The Defense Department tapped Doug Beck as the new director of the Defense Innovation Unit (DIU) on Tuesday. Beck will replace Mike Madsen, who served as acting director since last September.
With the new director will also come a change in the leadership structure at the unit.
In a memo Tuesday addressed to Pentagon leadership, Defense Secretary Lloyd Austin said DIU’s reporting and management structure would be updated. Under the realignment, the DIU director will report directly to the Secretary of Defense.
“DIU will continue to focus on accelerating promising technologies in critical areas consistent with the national defense strategy. The DIU director shall serve as a leader inside the department to catalyze engagement and investment into private sector communities where commercial technology can be adapted and applied to meet our warfighters requirements,” Austin said in the memo.

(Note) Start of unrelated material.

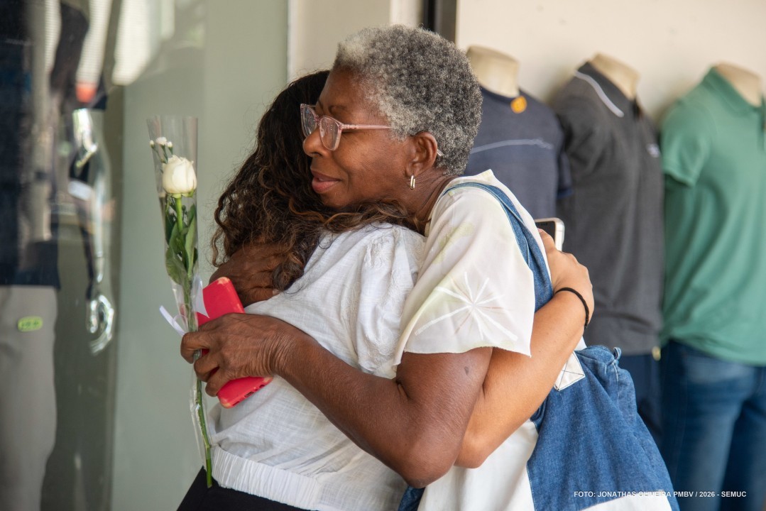 Assim, o impacto foi imediato e visível. Para Maria Eduarda, 22 anos, vendedora, o gesto foi uma surpresa marcante. Ao receber a flor e um abraço, ela compartilhou sua emoção. “Foi a primeira vez que ganhei uma flor. E, quando a moça me deu um abraço, não consegui segurar as lágrimas. Estou muito feliz e, com certeza, esse gesto melhorou meu dia”, disse.

With offices in Silicon Valley, Boston, Austin and at the Pentagon, DIU partners with organizations to foster innovation with private industry for military applications.
Beck currently serves as vice president of Apple in charge of worldwide education, health, and government. He brings a resume of military, government and private sector experience to the DIU as the unit works to establish fast track production of defense-related technology and strengthen the ties between the Pentagon and Silicon Valley.

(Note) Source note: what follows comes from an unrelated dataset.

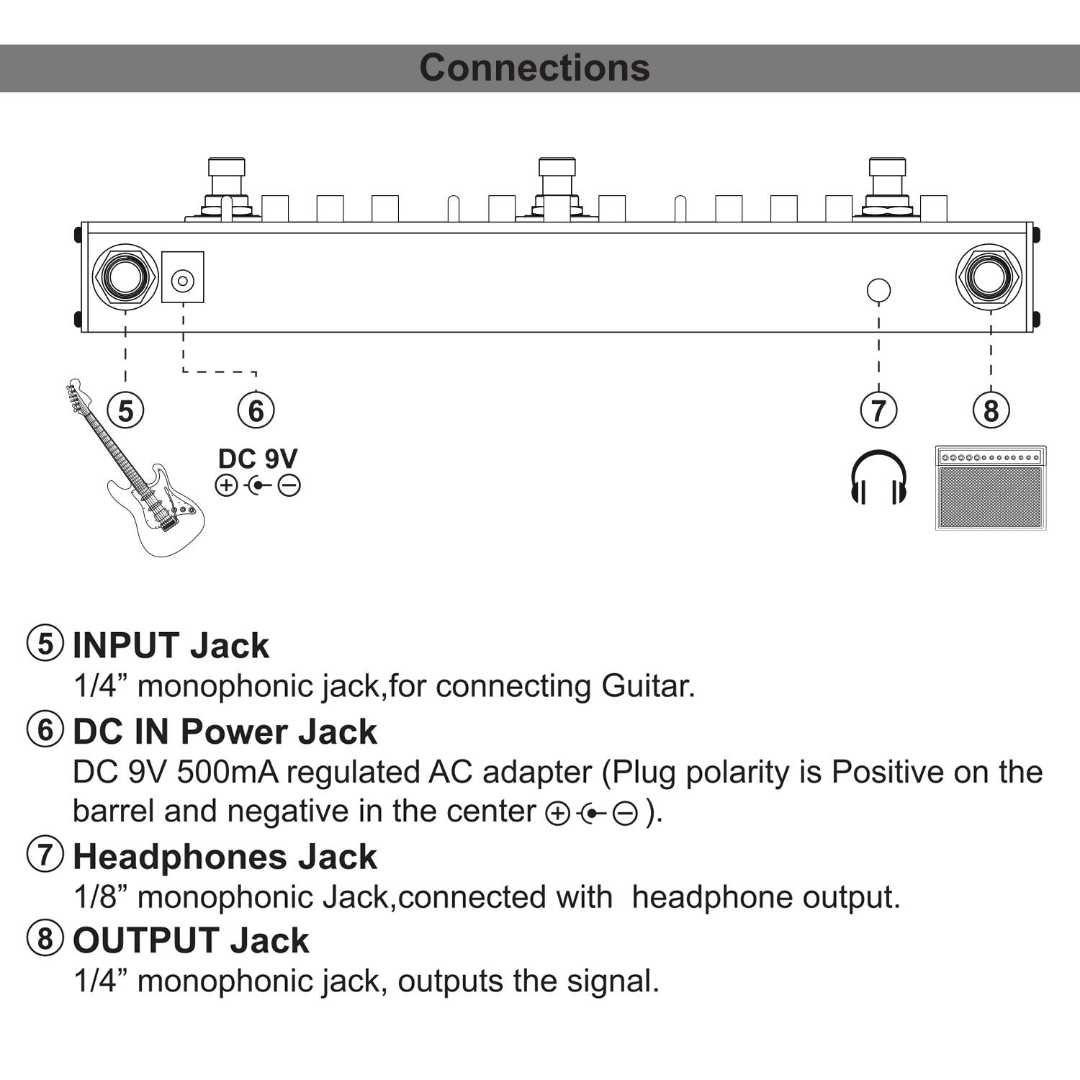 Power Supply: DC 9V (plug polarity is positive on the barrel and negative in the center)

Beck began working at Apple in 2009, and before that at the Charles Schwab Corp. and as a partner at McKinsey & Company. He is an officer in the Navy reserves and served in Iraq and Afghanistan with a joint special operations task force. Beck serves on the Chief of Naval Operations executive panel, and as a member of the Council on Foreign Relations. He has served in a variety of both formal and informal advisory positions with DoD.

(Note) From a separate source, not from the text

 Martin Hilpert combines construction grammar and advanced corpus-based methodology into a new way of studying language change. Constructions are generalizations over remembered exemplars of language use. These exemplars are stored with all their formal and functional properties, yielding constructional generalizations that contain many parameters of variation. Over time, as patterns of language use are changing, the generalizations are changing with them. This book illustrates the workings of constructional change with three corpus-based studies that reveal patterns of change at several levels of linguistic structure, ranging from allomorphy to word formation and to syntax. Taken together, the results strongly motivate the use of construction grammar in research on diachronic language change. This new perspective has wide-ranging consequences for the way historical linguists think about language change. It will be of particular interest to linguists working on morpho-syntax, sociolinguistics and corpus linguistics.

DoD started DIU in 2015 with the goal of developing and scaling commercial technology for military use. It partners with organizations across DoD too build prototypes and develop dual-use capabilities. After projects reach completion, successful prototypes can transition to follow-on production like other transaction agreements or Federal Acquisition Regulation (FAR)-based contracts.
DIU draws together Defense agencies and commercial partners with venture capital to bring new technology into production. It uses other transaction authority to speed the process of getting new technology prototypes built for military purposes. Last year, those awards reached over $1 billion. That included 17 transitions from development to production, more than doubling the eight transitions the unit shepherded through in fiscal 2021.